Awesome
About
This is example code corresponding to a Dr. Dobbs article I wrote a long time ago called Query Anything with SQLite. It contains two examples of SQLite virtual tables. One example creates a virtual table out of the file system. Another is just a skeleton to use as a blank slate.
The filesystem virtual table gives you a relational interface into your filesystem. With it you can search for files with SQL like so:
select
ctime, atime, mtime, uid, gid, size/(1024*1024) as 'size (MB)',
path || '/' || name as file
from fs
where
path match '/usr/lib, /var/log'
and ((name like '%.so') || (name like '%.log'))
order by size desc;
The results will look something like the following:
ctime mtime uid gid size (MB) file
-------- -------- ----- ----- --------- --------------------------------------------------
14334643 14313426 0 0 66 /usr/lib/firefox/libxul.so
14334646 14313440 0 0 64 /usr/lib/thunderbird/libxul.so
14338094 14298261 0 0 51 /usr/lib/libreoffice/program/libmergedlo.so
14334659 14174942 0 0 37 /usr/lib/nvidia-331/libnvidia-glcore.so.331.113
14334793 13970685 0 0 33 /usr/lib/x86_64-linux-gnu/libQtWebKit.so.4.10.2
14334732 13970682 0 0 32 /usr/lib/i386-linux-gnu/libQtWebKit.so.4.10.2
14334731 14291730 0 0 30 /usr/lib/jvm/java-7-openjdk-amd64/jre/lib/rt.jar
14334641 14225935 0 0 30 /usr/lib/x86_64-linux-gnu/libwebkitgtk-1.0.so.0.22
14334641 14225935 0 0 30 /usr/lib/x86_64-linux-gnu/libwebkitgtk-3.0.so.0.22
14336011 14237675 0 0 28 /usr/lib/x86_64-linux-gnu/libLLVM-3.5.so.1
The table has the following available columns:
"name text, " /* col 0 : name */
"path text, " /* col 1 : path */
"type int, " /* col 2 : type */
"size int, " /* col 3 : size */
"uid int, " /* col 4 : uid */
"gid int, " /* col 5 : gid */
"prot int, " /* col 6 : protection bits */
"mtime int, " /* col 7 : modified time */
"ctime int, " /* col 8 : create time */
"atime int, " /* col 9 : access time */
"dev int, " /* col 10 : device */
"nlink int, " /* col 11 : number of links */
"inode int " /* col 12 : dir inode */
"dir int " /* col 13 : dir inode */
Building
You must have the Apache Portable Runtime and the SQLite libraries installed on your system and within you search path.
Linux, MinGW and Unix-like Systems:
autogen.sh
./configure
make
You only have to run the first two lines once.

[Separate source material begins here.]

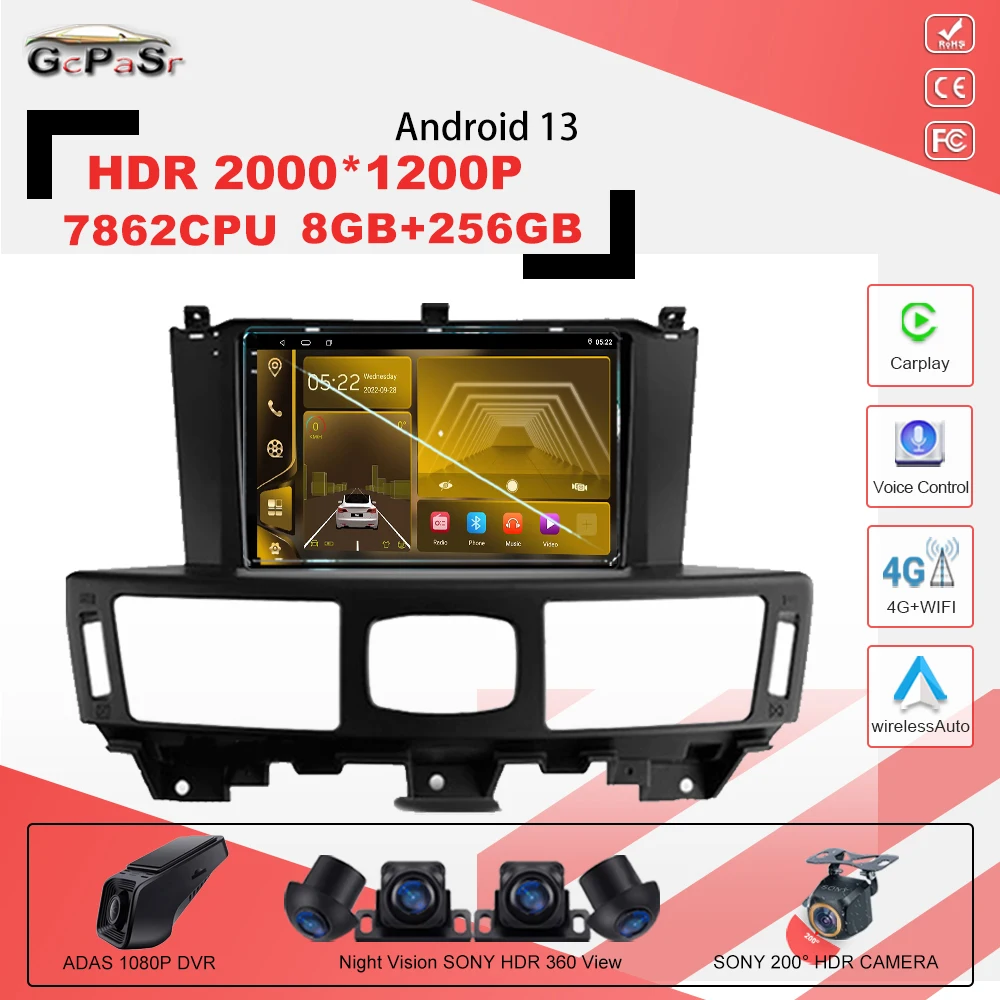 Автомагнитола на Android 13 с процессором 7862CPU для Infiniti Q70 1 2013 -2020, автомобильное радио, мультимедийный видеоплеер, навигация DSP, Wi-Fi, 5G DVD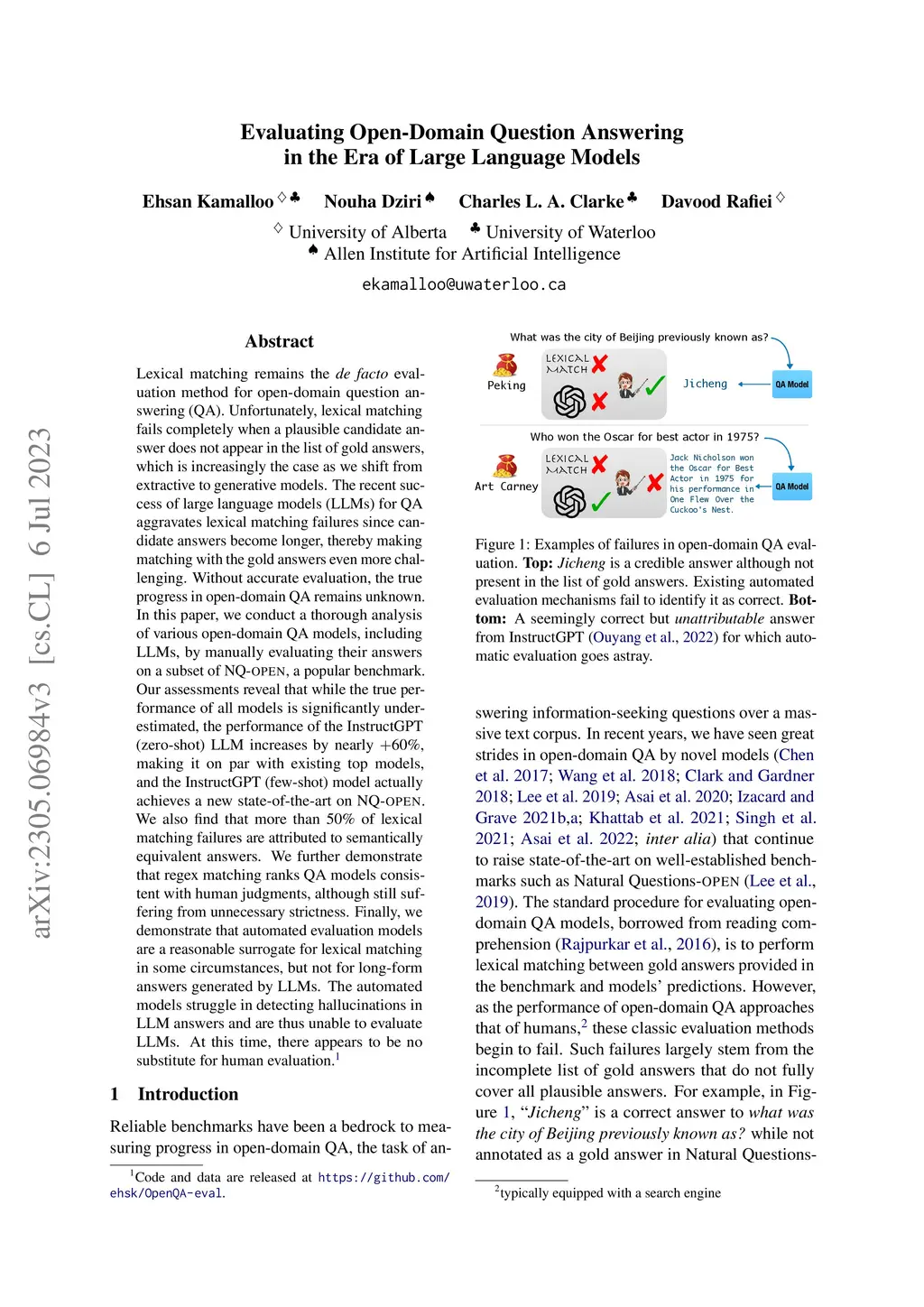 Lexical matching remains the de facto evaluation method for open-domain question answering (QA). Unfortunately, lexical matching fails completely when a plausible candidate answer does not appear in the list of gold answers, which is increasingly the case as we shift from extractive to generative models. The recent success of large language models (LLMs) for QA aggravates lexical matching failures since candidate answers become longer, thereby making matching with the gold answers even more challenging. Without accurate evaluation, the true progress in open-domain QA remains unknown. In this paper, we conduct a thorough analysis of various open-domain QA models, including LLMs, by manually evaluating their answers on a subset of NQ-open, a popular benchmark. Our assessments reveal that while the true performance of all models is significantly underestimated, the performance of the InstructGPT (zero-shot) LLM increases by nearly +60%, making it on par with existing top models, and the InstructGPT (few-shot) model actually achieves a new state-of-the-art on NQ-open. We also find that more than 50% of lexical matching failures are attributed to semantically equivalent answers. We further demonstrate that regex matching ranks QA models consistent with human judgments, although still suffering from unnecessary strictness. Finally, we demonstrate that automated evaluation models are a reasonable surrogate for lexical matching in some circumstances, but not for long-form answers generated by LLMs. The automated models struggle in detecting hallucinations in LLM answers and are thus unable to evaluate LLMs. At this time, there appears to be no substitute for human evaluation.

You may need to use the --prefix
switch to point to where your standard /include and /lib files are
(e.g. --prefix=/usr
will use /usr/include
and /usr/lib respectively
. )
The end result will be a shared library called libvtable.so and an executable
named program (from main.c
). If libvtable.so
is not in your library search
path, you will need to specify it using LD_LIBRARY_PATH
, e.g.
export LD_LIBRARY_PATH=`pwd`
Then you can run the program, or run the test.sql
script using the sqlite3
command line utility as follows:
sqlite3 db < test.sql
Windows MS Visual C++
If you want to use the virtual table as a dynamically loadable module, you will need to create a DLL project that contains the following files:
lib.c example.c fs.c common.c
Then create a console application that uses main.c. This must link to the SQLite and Apache Portable Runtime (1.0 or greater).
The example.c file contains a bare-bones working example of a virtual table, so if you don't have APR for Windows handy and just want to get something to compile, you can use this as a starting point.